# silver black stains



## arthur kierski (Oct 6, 2009)

how can one eliminate the silver(black) stains from ones nails?thanks for the help


----------



## goldsilverpro (Oct 6, 2009)

Hey, Arthur,

Here's a pretty good article
http://in.answers.yahoo.com/question/index?qid=20080111222732AAFrEyZ

Gold stains are much easier to remove than silver stains. Purple gold stains can be removed with bleach. However, the bleach makes your hands slick and slimy and smelly, for quite some time.

For silver, the bleach will produce silver chloride and lighten the color. However, the particles will still be embedded in your skin and nails and will be reduced back to black metal shortly.

I seem to remember a 2 step method that is supposed to work. First iodine (produces AgI) and then sodium thiosulfate (hypo - dissolves AgI). I think the hypo will also remove the iodine stains that are produced. I would use a Q-tip.

I usually just let it wear off. With silver, that can take a long time. It may not totally disappear until the nail grows out. 
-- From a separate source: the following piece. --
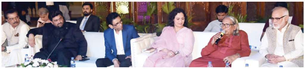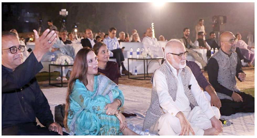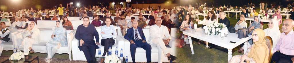 The Governor’s House, adorned with vibrant greenery and sparkling lights, provided a picturesque setting for the event. The chilly winds added a refreshing touch to the atmosphere, enhancing the overall ambiance. Attendees enjoyed the Mushaira from a mix of elegant sofas, comfortable chairs, and traditional floor seating, all contributing to a memorable and dignified event.

I'm reluctant to mention this, but a last resort method that I've used with the greatest success is to dissolve the silver with cyanide. I don't like to do this, but it has worked every time I have tried it. In your case, use a Q-tip and scrub the nail with a cyanide solution. If it doesn't work, add a little 3% H2O2 to it. Try to keep the cyanide out of any cuts on your hand and confine it to the stain. After the stain is removed, wash your hands well with soap and water and dry. Then, dip the parts of your hand that had cyanide on them in about a 2-3% HCl solution or vinegar to remove any traces of cyanide (if you have any cuts on your hand, you will immediately know where they are located). Wash and dry again and apply a good hand lotion. In the states, the best common lotion I've found is Corn Husker's Lotion.


----------



## arthur kierski (Oct 6, 2009)

thanks gsp for the many ways to eliminate those black silver stains----i will do one of the methods and then tell you if worked----


----------



## metatp (Oct 6, 2009)

GSP,

What about removing the black stains from patio brick. Should I just use a delute nitric/water mix?

Thanks,
Tom


----------



## Harold_V (Oct 7, 2009)

goldsilverpro said:


> I'm reluctant to mention this, but a last resort method that I've used with the greatest success is to dissolve the silver with cyanide.



Gold, too. 

I also used it.

Harold


----------



## Lou (Oct 7, 2009)

It does work though.


Thiosulfate works, somewhat well on clothes too that have been stained with silver.


----------